The buttery maid and the older scullery maids were preparing meals for the peasants' tent in the courtyard, leaving the newest Crosset maids to watch the soups and stews. They had a few hours to brew the true sleeping draught and save the guests from the aconite-laced food.

They would go with the original plan. Arinel would put the guests to sleep with the only course served before the food, the drinks.

"What are we looking for, Ari?" Agnes asked, her one intact eye scanning the shelves. Arinel swept to the nearest shelf and pushed jars aside,

"Henbane. Magnolia. Passion Flower. Laudanum. Any sedating herbs you can find. Coris's ill, they're bound to keep some."

They kept more than some. The girls found jars filled to the brim with powdered magnolia bark, essence of henbane and laudanum in no time. Just how much pain was Coris in? Arinel couldn't believe she was worried about the boy she despised.

Still, they needed another ingredient, one potent as laudanum, to spike as many drinks as possible.

Gritting her teeth against the crushing pressure, Arinel blinked sweat from her eye as she rummaged. After about half an hour, she found a promising candidate.

Dried roots with limbs resembling a human body, laid out in a stack of wooden crates wedged between a shelf and the wall.

Arinel lifted a root from the pile and smiled for the first time since leaving Crosset on this ill-fated journey. Mandrake. A few roots of this enigmatic plant would be enough to fill her arsenal.

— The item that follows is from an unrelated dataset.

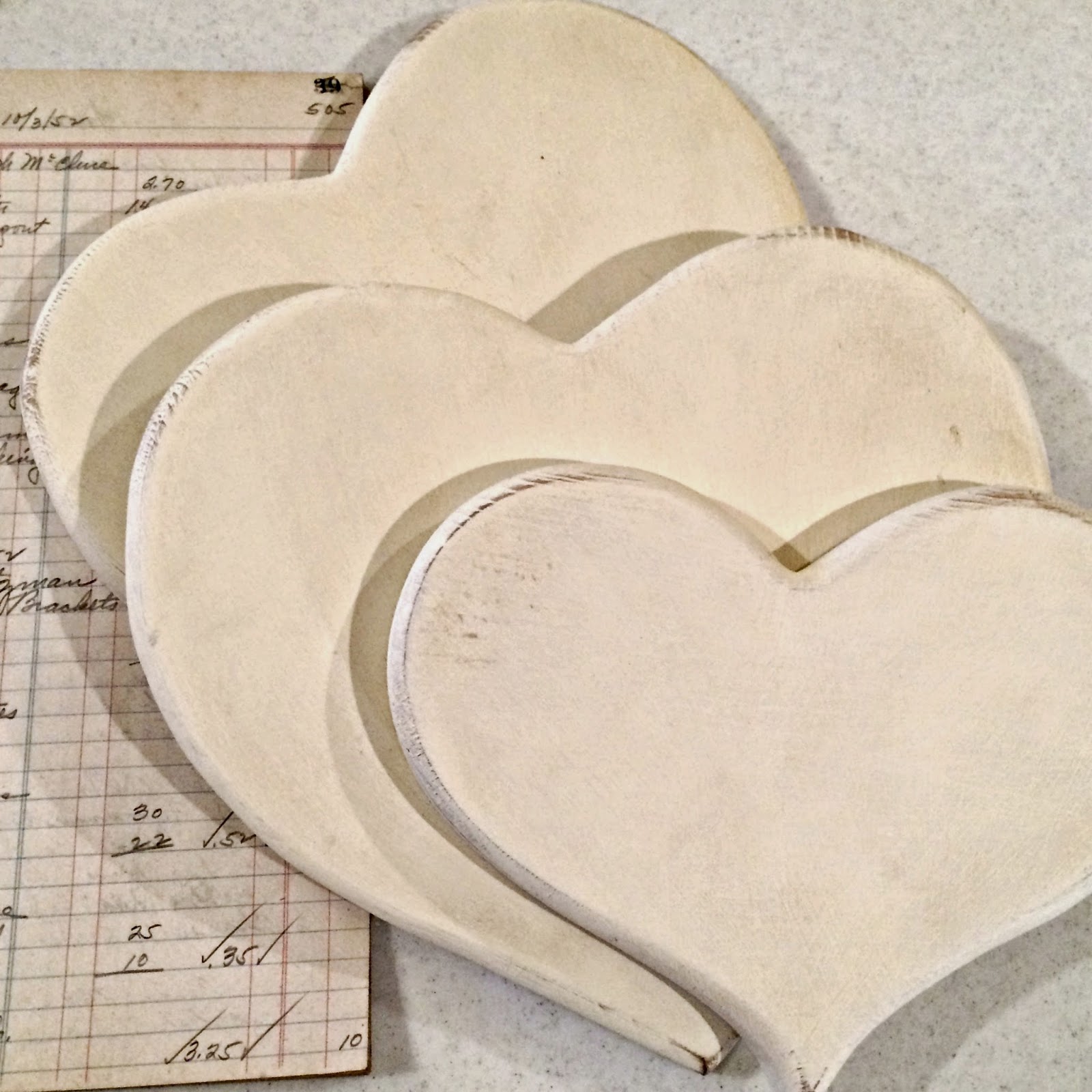I had found these wooden hearts at a garage sale last summer for a quarter each and painted them for a future project. I love when that happens!

Arinel didn't have time for celebration—her work was far from over. She must prepare her array of sedatives for ingestion and decide which refreshment each would be best suited for. Potent herbs must not be mixed with alcohol. Freshness and harvesting season must be factored in for dosage. Arinel prayed her calculations would land the sweet spot between ineffective and fatal.

Arinel's mother was a peasant maid who worked in the alchemist's lab before and even after Lord Crosset took her mistress. Yet, few outside Crosset Castle would believe Arinel also cherished a burning desire to follow in her mother's footsteps. Because those footsteps had ended with her mother's fiery demise.